Thankful to have had the opportunity to lead transit-advocacy efforts all over the country, Austin is now back in his element in Tacoma, advocating, organizing and educating on behalf of the issue in the state he loves.
Now regarded as a national leader and expert on transportation advocacy, the Religion and Global Studies graduate says he’s still every bit as passionate about social justice as he was a decade ago while a student at PLU.
“During my junior year, I witnessed people in Tacoma relying on buses to get to work, school, the doctor or just visit their families,” says Austin. “It really hit home that public transit access touches and impacts so many other critical issues.”
“Even now, nearly 10 years later and equipped with a few more tools, I feel like I’m the same young guy, figuring out how I can be an effective advocate and doing this work to the best of my ability.”
As an 18 year-old first-year student at PLU, Austin challenged himself to live without a vehicle, dependent on public transportation. Now 30, Austin continues to live according to that challenge, and his commitment to public transit has grown from a personal conviction to an influential career in state- and national-level public transit advocacy.
As the policy director at Transportation Choices, an advocacy organization dedicated to creating more opportunities for people to walk, bike and take public transit, Austin’s work focuses on policy development, lobbying and statewide coalition building.
“Transportation is an issue that a lot of people care about, but it’s not very many people’s number-one issue.” Austin explains. “As transit advocates, our power is based in our relationships with our closest friends. We have to build pro-transit coalitions at the state and local level to have success.”
Austin’s professional career in advocacy began in legislative politics. He spent the first four years of his career managing political campaigns throughout Western Washington and serving as a legislative assistant in Olympia.
While working at the Legislature in 2007, Austin began establishing himself as a local leader in Tacoma transit advocacy, participating in local activism and making the most of an opportunity with The News Tribune of Tacoma.
“I had a blog for the Tribune called ‘The Bus Stops Here,’” Austin explains. “I would meet riders and talk with them about what they were doing, where they were going and why they were riding the bus and then contextualize the importance of public transit through their stories.”
In 2009, Austin landed a job as policy associate with the organization he had long hoped to work for— Transportation Choices. His talent and work ethic were quickly recognized and rewarded, and after just one year he was promoted to Field Director.

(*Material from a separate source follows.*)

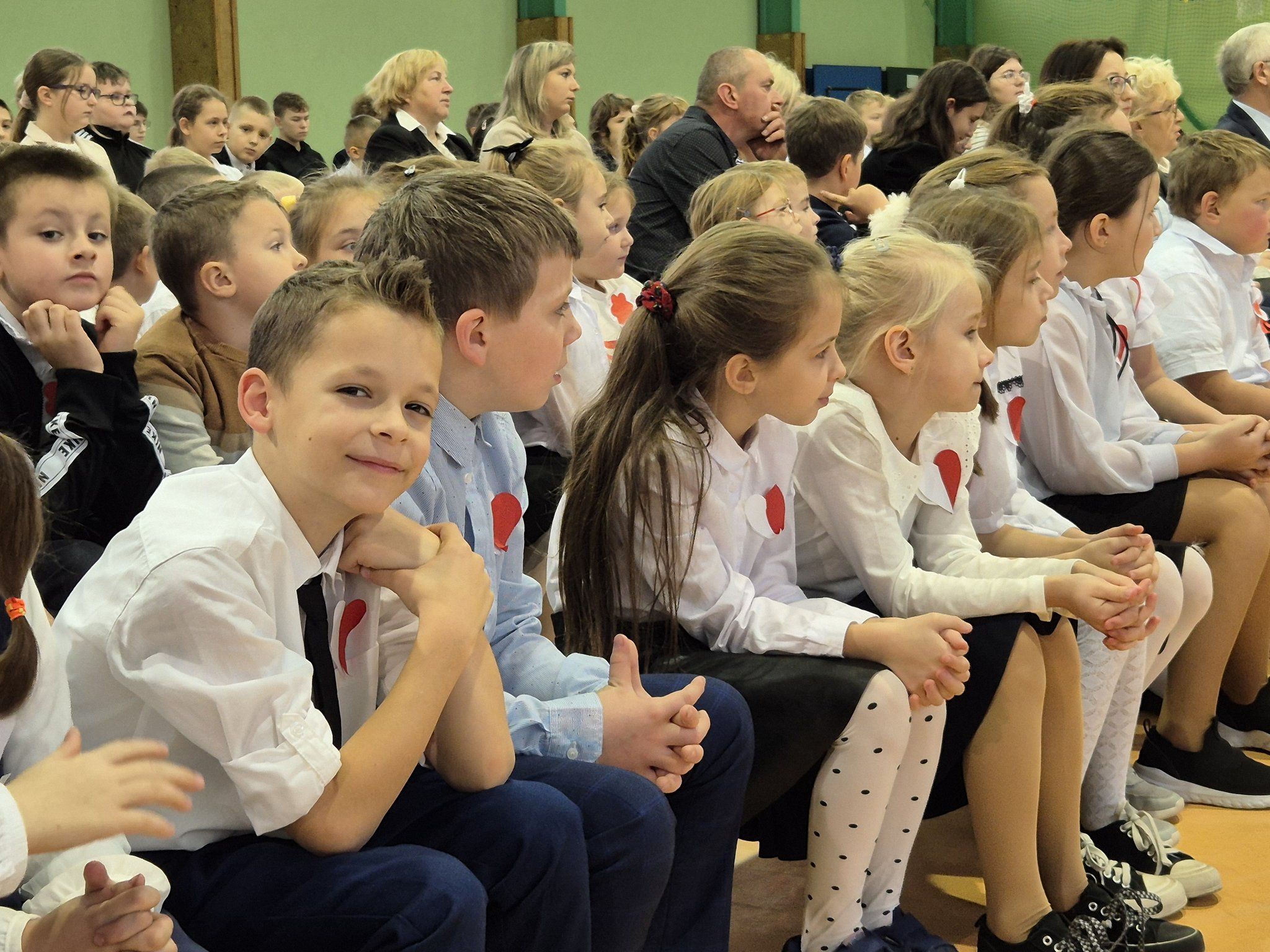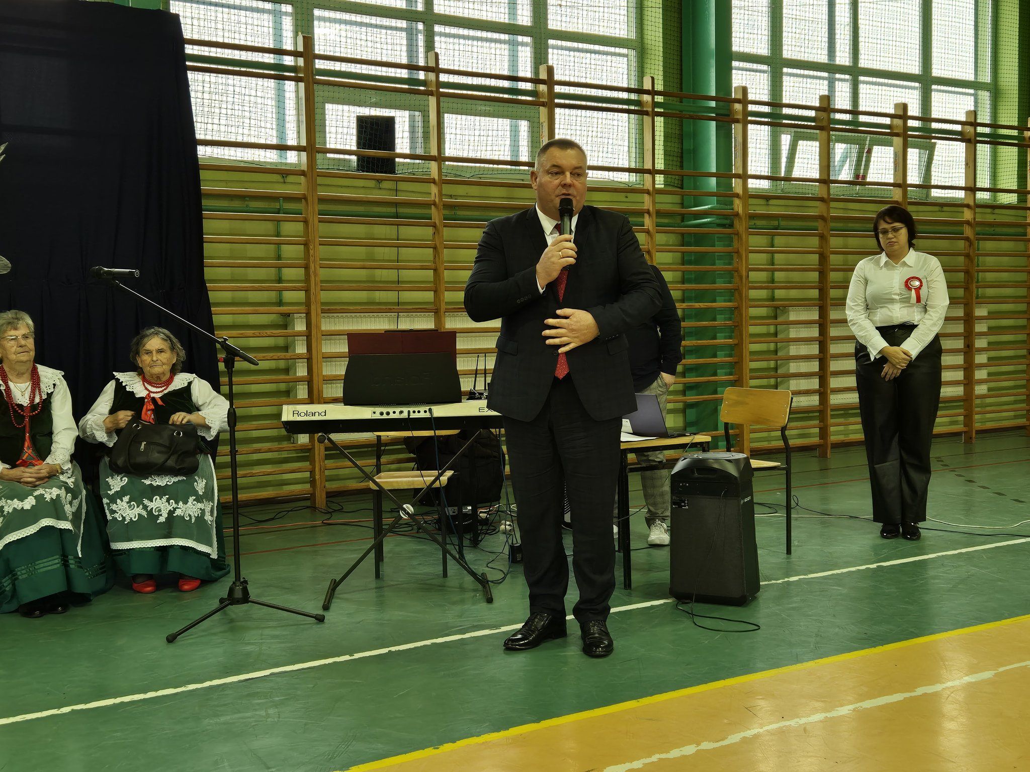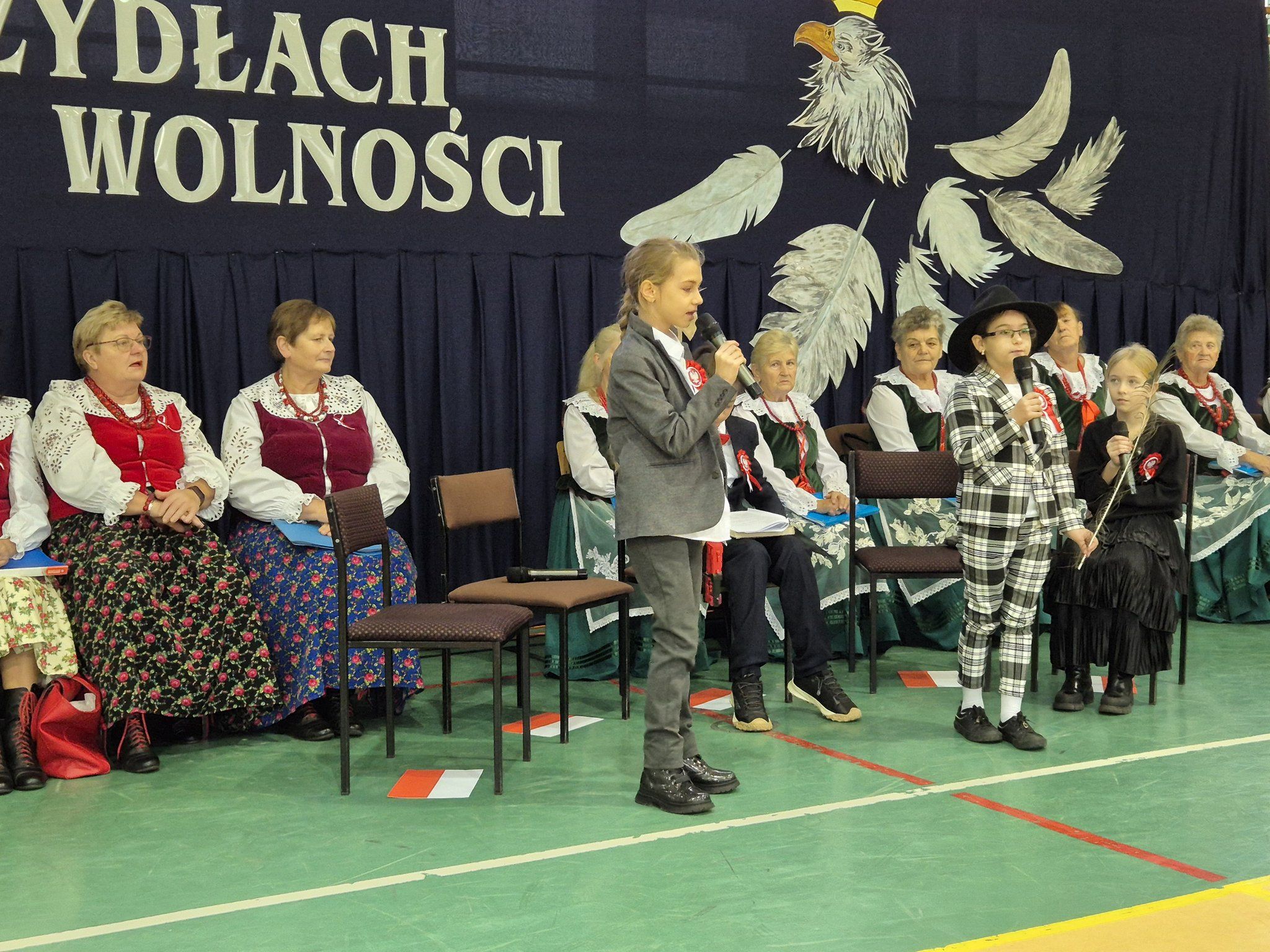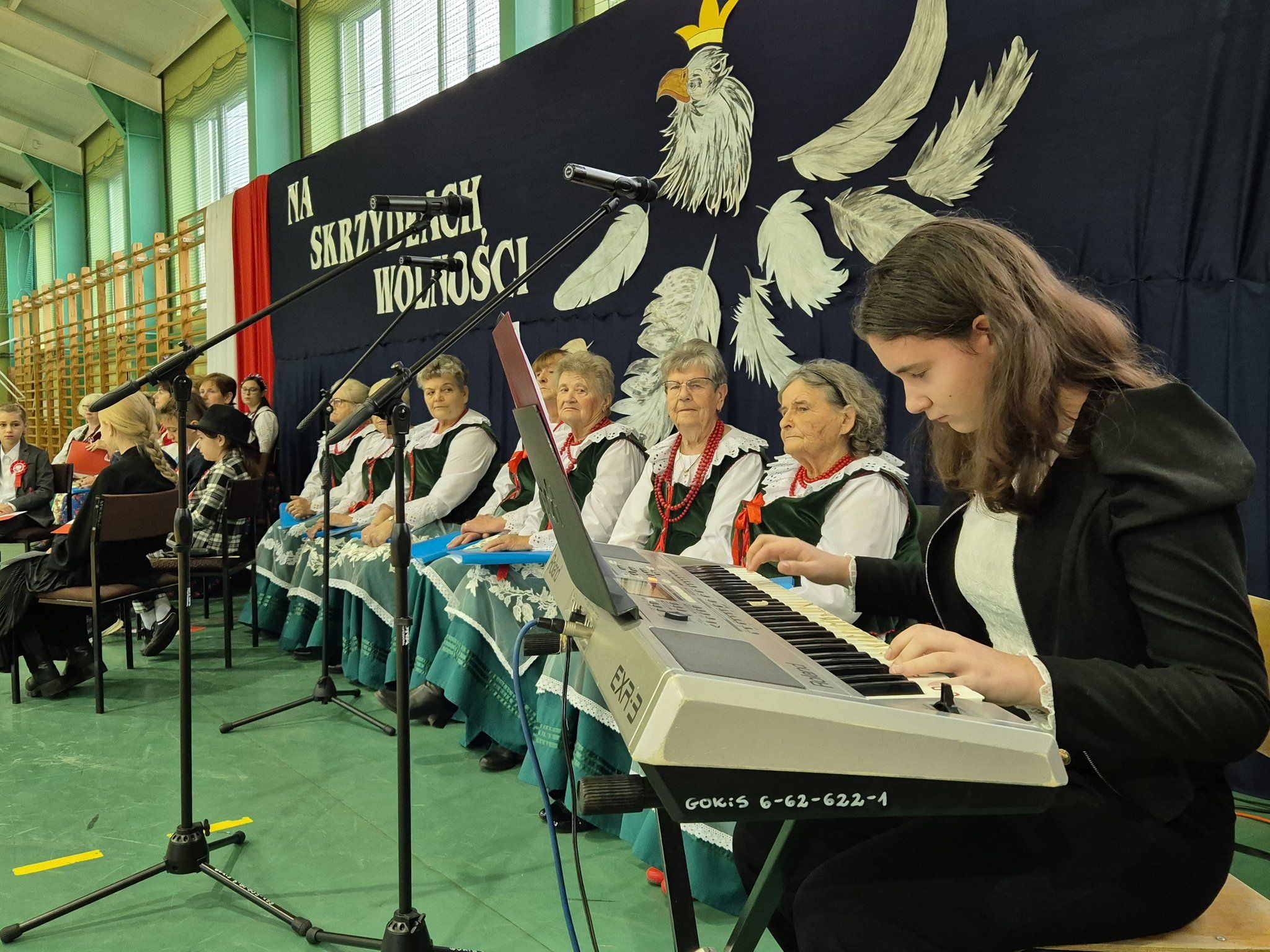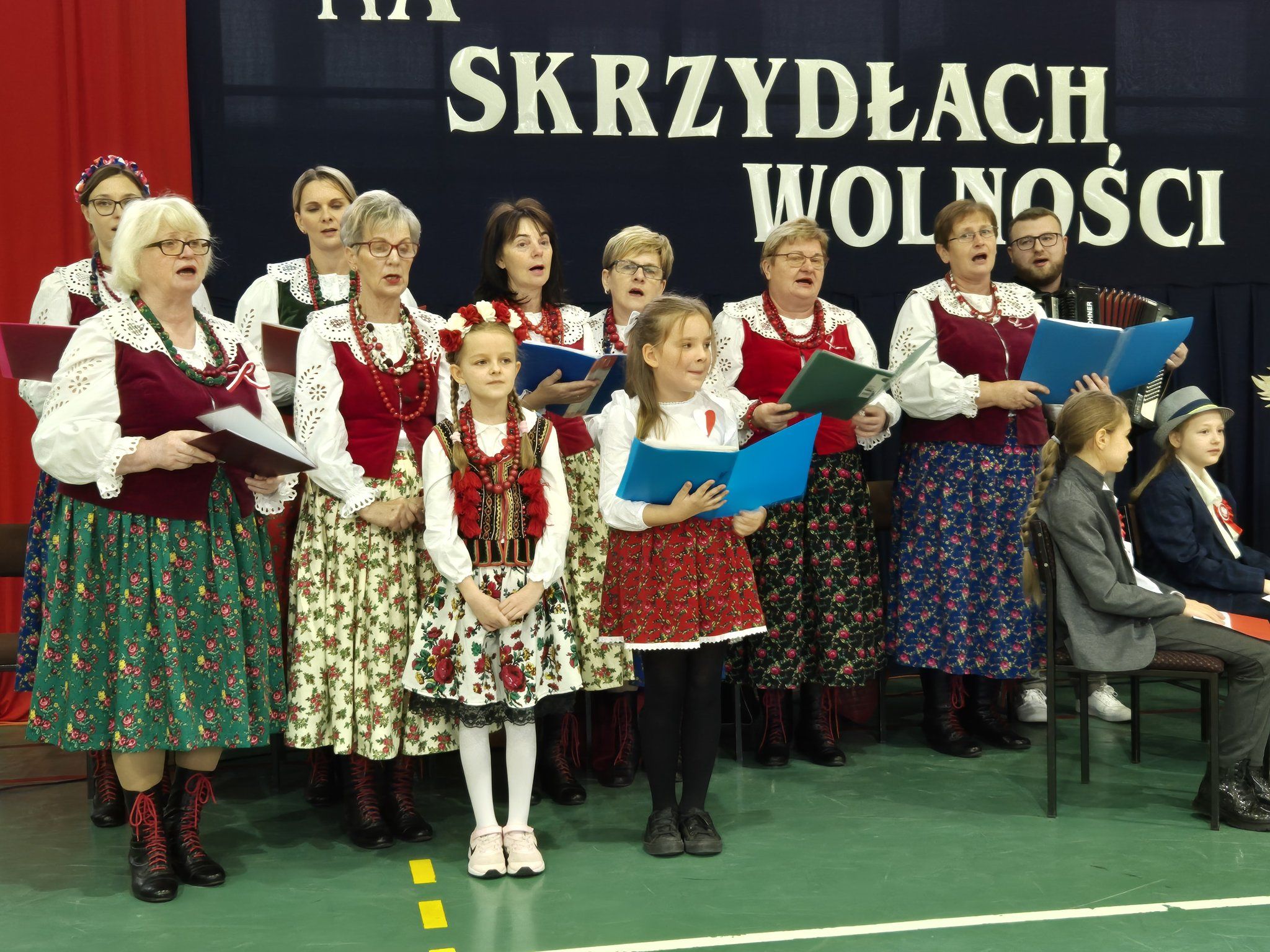 W pięknie udekorowanej, przez nauczycielkę Halinę Jabłońską, hali sportowej szkoły, uczestniczyliśmy w wokalno-muzycznej podróży niepodległościowej i wolnościowej dziejów polskiego narodu. Po raz kolejny pieśń i muzyka połączyła pokolenia gminnej społeczności.

“During that time it really hit home for me that advocacy work, especially on this issue and especially in this state that I love, is what I wanted to do,” he says.
The opportunity meant moving from one Washington to the other, a transition Austin had always hoped might be possible. “D.C. is its own realm, much different than state and local politics, and I wanted to get a taste of that,” Austin says.
Dedicated to “strengthening, uniting and creating grassroots transit rider organizations across the country,” Americans for Transit afforded Austin the opportunity to travel nationwide, convening peer-networking trainings and workshops, consulting on advocacy and policy campaigns, and speaking at regional and national conferences.
“My favorite part was that I got to work with passionate, dedicated advocates fighting for transit issues all over the country,” Austin says. “It was an incredible experience organizing in the south in places like Georgia and in Rust Belt cities like Pittsburgh and Cleveland.
“My eyes were really opened to the similarities between advocacy organizing across the country, but also the dynamics and culture of each community greatly impacted the work. Like they say, all politics is local.”
However, after two invigorating years living in D.C. and out of a suitcase on the road, Austin couldn’t help but feel as though much of his fervor for advocacy had been left behind in Washington state.
“I missed working in a place where I felt a personal investment and I was able to see the work through to the finish,” Austin says.
So when Transportation Choices asked whether he’d be interested in returning to serve as its Policy Director, Austin didn’t have to think twice.
“I realized there is nothing I’d rather be doing than leading the policy work at Transportation Choices,” he says. “Who knows what the future has in store, but I’m incredibly thankful for where I’ve been able to go, and so excited to be back.”